LONDON (Reuters Life!) - Nearly five decades after she breezed into the lives of Jane, Michael and the millions of people who will forever remember her as Mary Poppins, singer Julie Andrews will take to the stage in London.
The Oscar-winning 74-year-old star of “Mary Poppins” and “The Sound of Music” will feature in “The Gift of Music,” her first concert on a London stage in 30 years and more than a dozen years since surgery on her vocal cords robbed her of a singing voice that was practically perfect in every way.
The show at the O2 center in southeast London on Saturday is expected to contain performances of Rodgers and Hammerstein classics, clips, memories and songs of great musical theater to the accompaniment of the Royal Philharmonic Concert Orchestra and conductor Ian Fraser.

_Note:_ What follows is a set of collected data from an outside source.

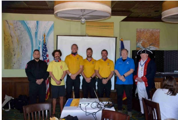
First Responders Awards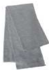
Solid Heather Grey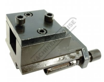
Lathe Tool Grinding Attachment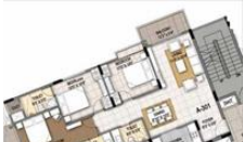
Floor Plan H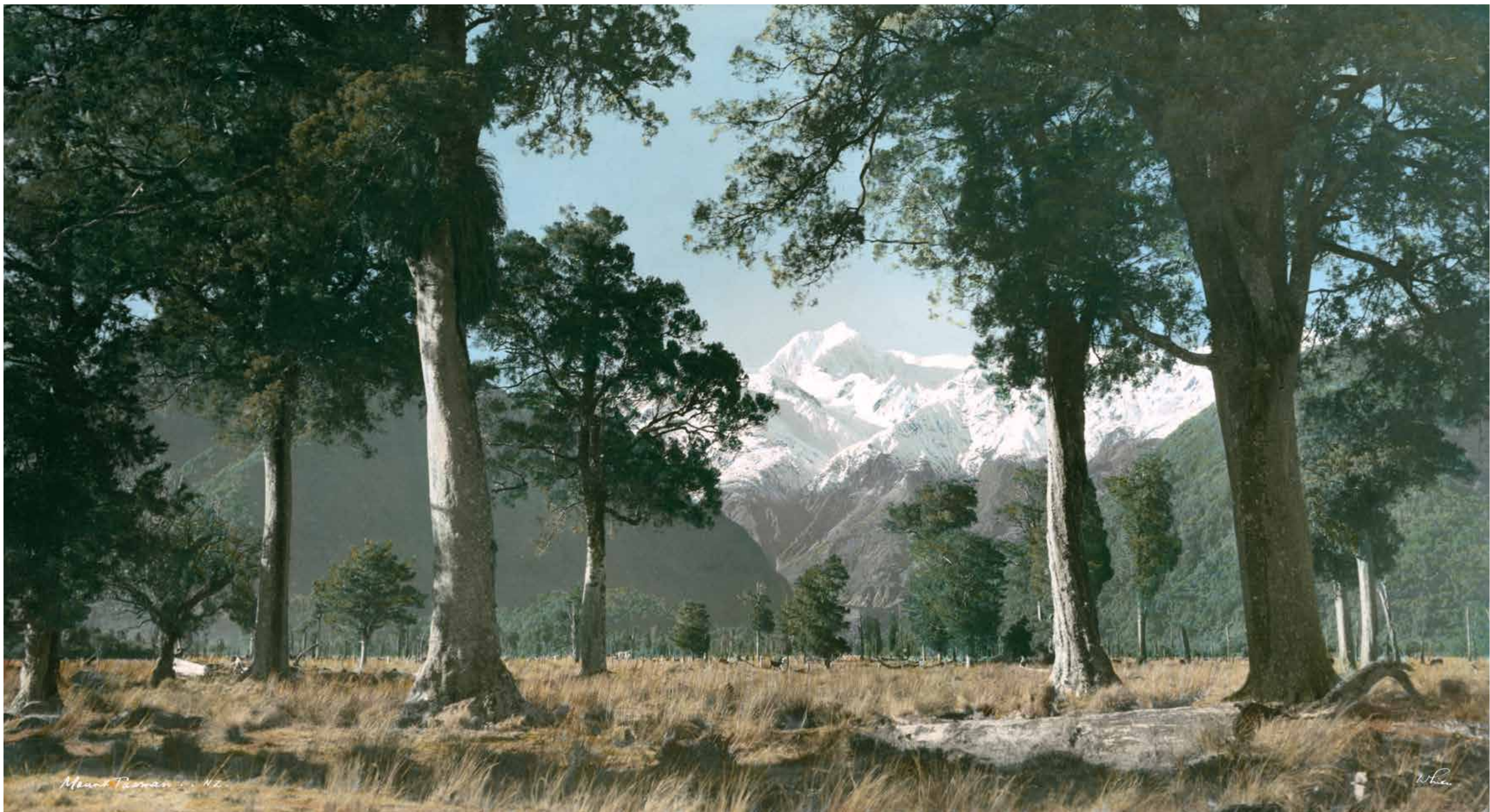
Mount Parnassus, N.Z.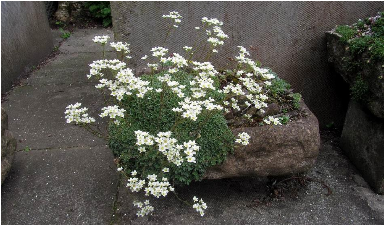
This silver saxifrage likes climbing out of the trough and down the side.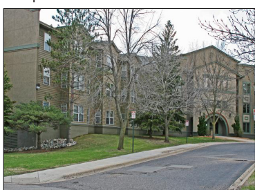
City: Bloomington, Minn. Buyer: Investcorp Purchase Price: $66 MM Price per Unit: $123,738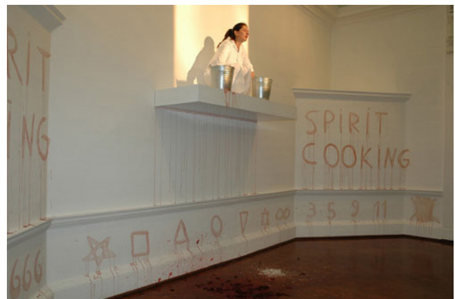
Figure 23 a & b. Site specific reconciliation, Marina Abramović (2005) Spirit Cooking Johannesburg Art Museum. Photograph by Abrie Fourie, Arthro 2005. (Accessed on 29/11/2006).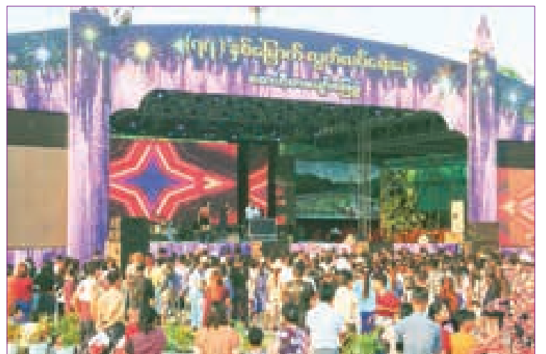
A crowded audience watches the music concert at the music shows at People's Square in Yangon to commemorate the 77 th Independence Day, yesterday.

To maintain cleanliness and order at the festival, garbage bins have been placed for visitors to properly dispose of their waste, and mobile toilets have been provided. — Zaw Min Latt (MNA)/MKKS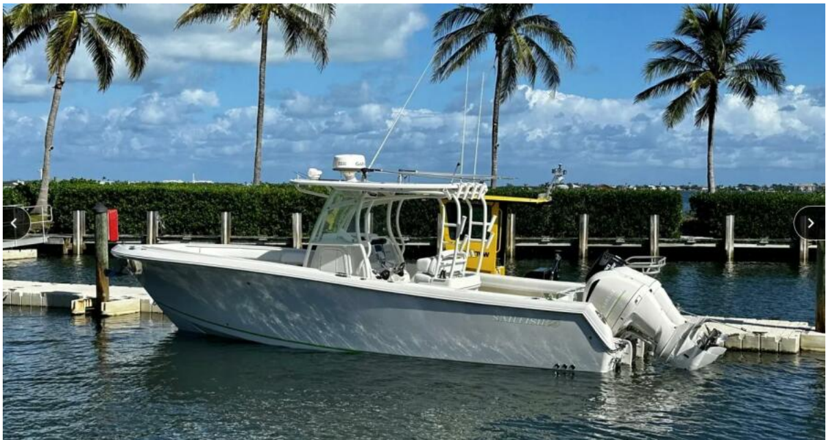
2016 Sailfish 290 CC 2016 Sailfish 290 CC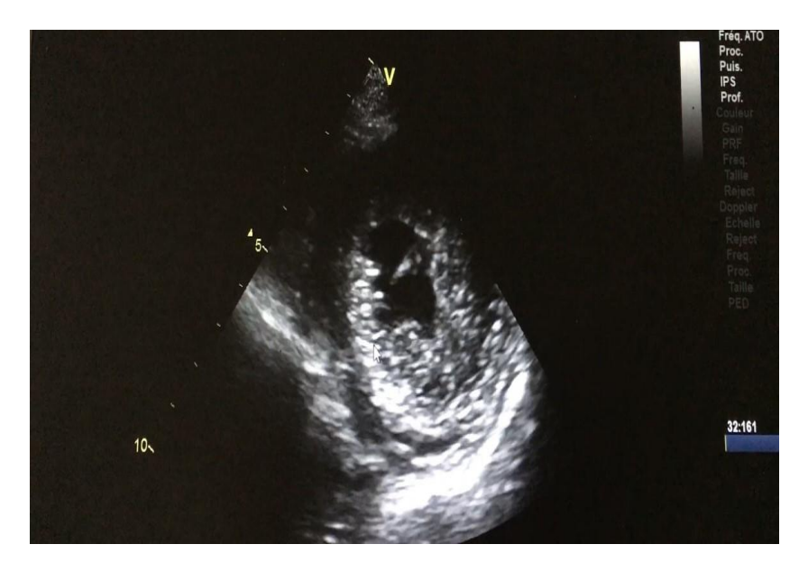
Hanane et al.; AJCR, 7(4): 75-81, 2022; Article no.AJCR.94378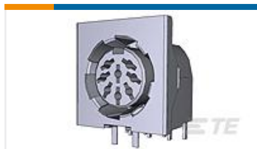
TE Part #5212047-1 8 CIRC DIN RCPT GRND SHLD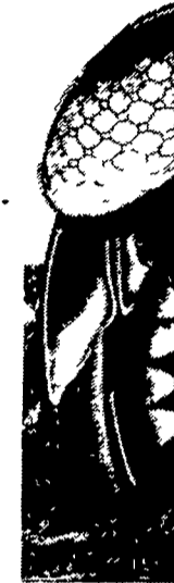
A new pe... Don't let th... quite benig... Days.

“To perform once again in my homeland on the London stage will be a wonderful moment — it is where it all began for me, and I am so excited to be able to share a brand new work with audiences,” Andrews said in a statement on the O2 website.

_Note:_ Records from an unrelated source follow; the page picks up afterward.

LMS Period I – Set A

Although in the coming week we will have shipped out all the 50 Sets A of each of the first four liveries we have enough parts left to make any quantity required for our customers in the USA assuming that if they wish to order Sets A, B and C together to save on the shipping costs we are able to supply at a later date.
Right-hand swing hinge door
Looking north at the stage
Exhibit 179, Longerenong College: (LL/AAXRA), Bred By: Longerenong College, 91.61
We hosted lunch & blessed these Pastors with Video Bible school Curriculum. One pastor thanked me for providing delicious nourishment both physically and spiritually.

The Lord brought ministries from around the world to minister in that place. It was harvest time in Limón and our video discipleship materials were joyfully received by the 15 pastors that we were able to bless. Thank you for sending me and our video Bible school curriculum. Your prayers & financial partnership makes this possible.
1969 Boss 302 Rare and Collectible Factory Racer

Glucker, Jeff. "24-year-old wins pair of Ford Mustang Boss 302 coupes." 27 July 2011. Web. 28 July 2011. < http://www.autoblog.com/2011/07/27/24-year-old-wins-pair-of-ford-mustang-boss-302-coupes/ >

Five West End and Broadway performers will join Andrews on stage to help her take the audience on a nostalgic trip through old favorites including songs from The Sound of Music, “The King and I,” “South Pacific” and “Carousel.”
Andrews will also narrate a live version of “Simeon’s Gift,” the best-selling children’s book she wrote with her daughter Emma Walton Hamilton.
The singer’s career has encompassed stage and film with performances as the nanny to the Banks children and the wayward novice Maria right through to her most recent projects, “The Princess Diaries,” “Shrek” films and “Eloise at the Plaza.”
She told Britain’s Telegraph newspaper that audiences should be prepared for a changed voice after surgery on her vocal cords in 1997.
“I don’t sing the way I used to, so I’m doing everything I can to put the word out that they shouldn’t expect that,” she said. “I hope I’ll have a few surprises up my sleeve for the concert, but basically I have about five good bass notes and I can work my way around them pretty well.”
Despite that, Andrews considers her rough-and-tumble show business upbringing has given her the emotional strength to help see her through the dark times in life.
Her first major appearance and London debut was at the Hippodrome in 1947 in a vaudeville act with her mother and stepfather, and she quickly became the family breadwinner.
“I was raised never to carp about things and never to moan, because in vaudeville, which is my background, you just got on with it through all kinds of adversities.”
And the singer considers herself fortunate to have had such a successful and long lasting career.
“All careers go up and down like friendships, like marriages, like anything else, and you can’t bat a thousand all the time. So I think I’ve been very, very lucky.”